Faster is always better, right? (Part 2)
Download this python script to your current directory. Run it by executing:
$ python3 count_pylibs.py 4231827 characters and 418812 words found in standard python libs
- Start a Stopwatch
- Find one alternative way to achieve what
count_pylibs.py
does.- Run the application and check if you sped up your code
- Stop your Stopwatch
- Compare the time your invested versus the speed-up you obtained.

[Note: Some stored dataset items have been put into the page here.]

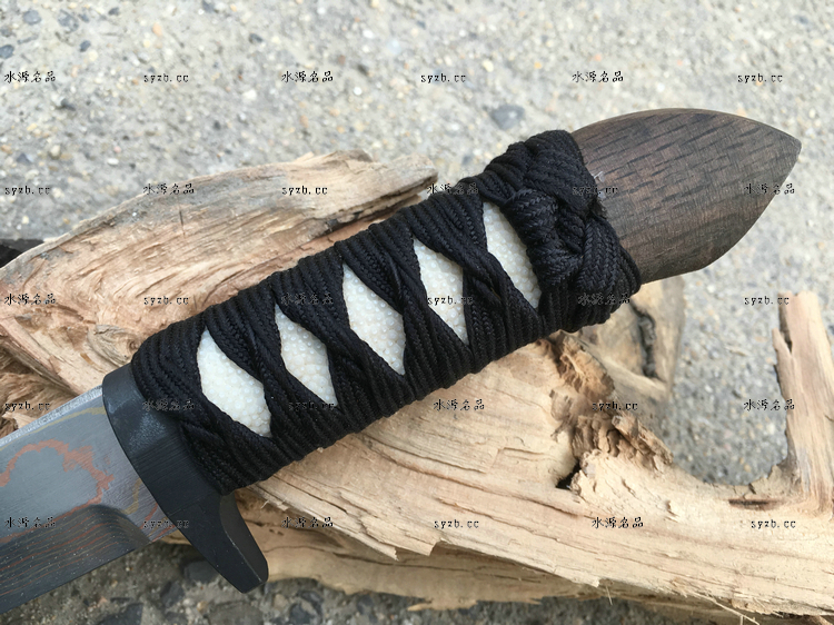刃具木质手柄上部的护手可以对用户手部提供有效保护,手柄手部采用绕绳Tsuka-Maki材质一般用来进行手柄的装饰,内部采用白色鱼皮贴附,这种艺术性质可以追溯到几个世纪前。这种手法使得刃具外形更为出色,并且需要长时间手工完成。手柄外侧采用黑色绕绳处理,增加握感和观赏性。
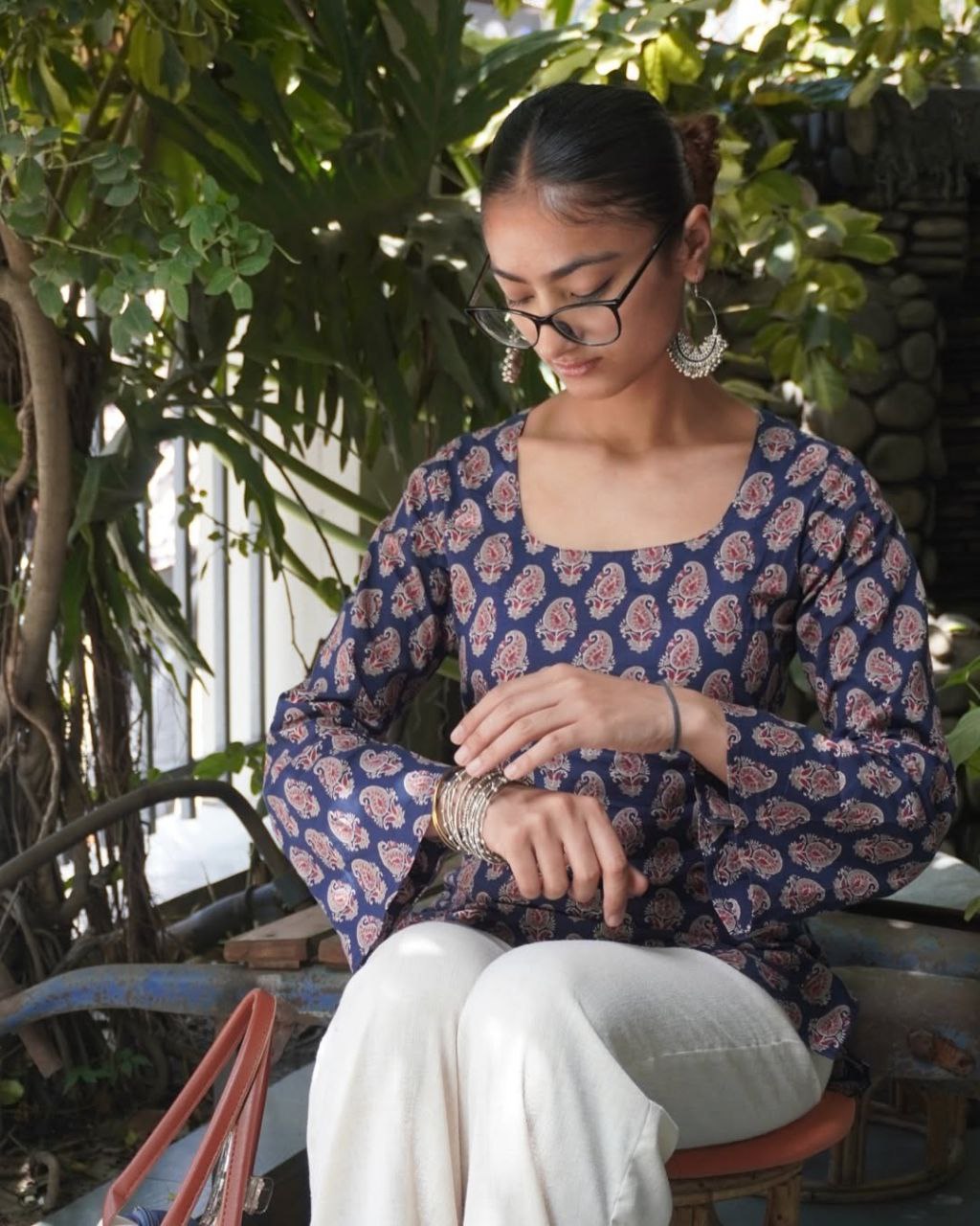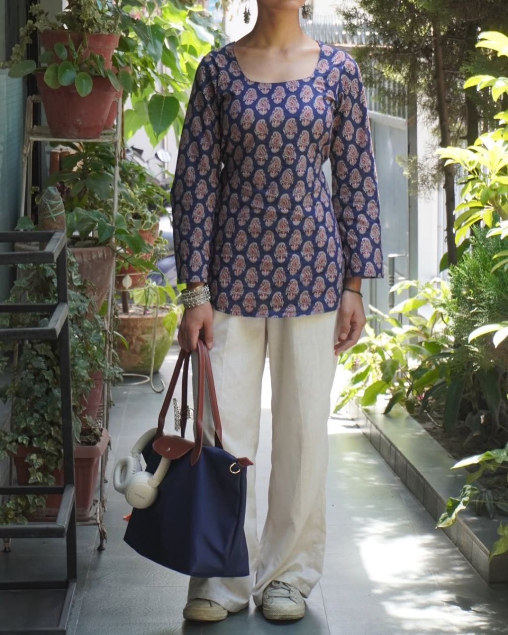 Khushi deep back sleeved kurti with a traditional paisley motif in earthy tones is hand-block printed as part of the ensemble. The Khushi kurti, which is made of soft, breathable cotton, is perfect for daily wear because it has a straight hem that falls just below the hips, full sleeves, and a flattering scoop neckline.
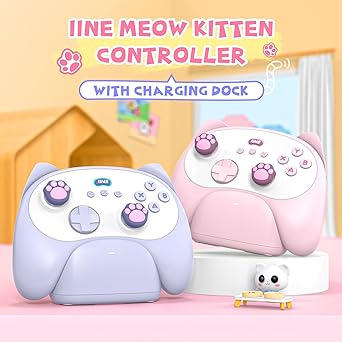 - 🐾 Adorable Kitten-Themed Design with Charging Dock – This cute cat paw controller features an ergonomic kitten shape, making gaming both comfortable and stylish. The included charging dock ensures effortless and convenient charging
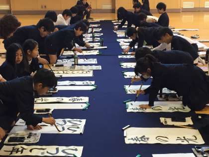 書写で学習した基本的な筆使いを確認し、作品を仕上げる喜びを味わうために、ゲストティチャーの小林先生をはじめ地域の方々をお招きし「書初め大会」を実施します。
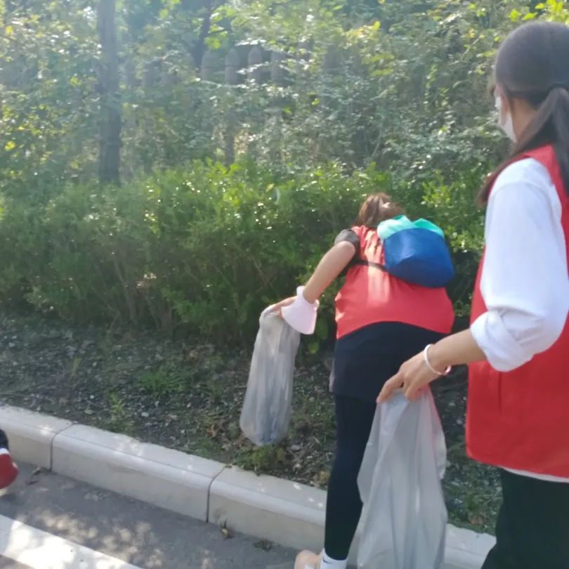 50余名志愿者来到学院南侧的浮烟山风景区进行线下捡拾白色塑料垃圾的环保实践活动。

- Review the literature about this cycle.
Key Points
Each programming language typically provides tools called profilers with which you can analyse the runtime of your code.
The estimate of pi spends most of it’s time while generating random numbers.
The estimation of pi with the Monte Carlo method is a compute bound problem because pseudo-random numbers are just algorithms.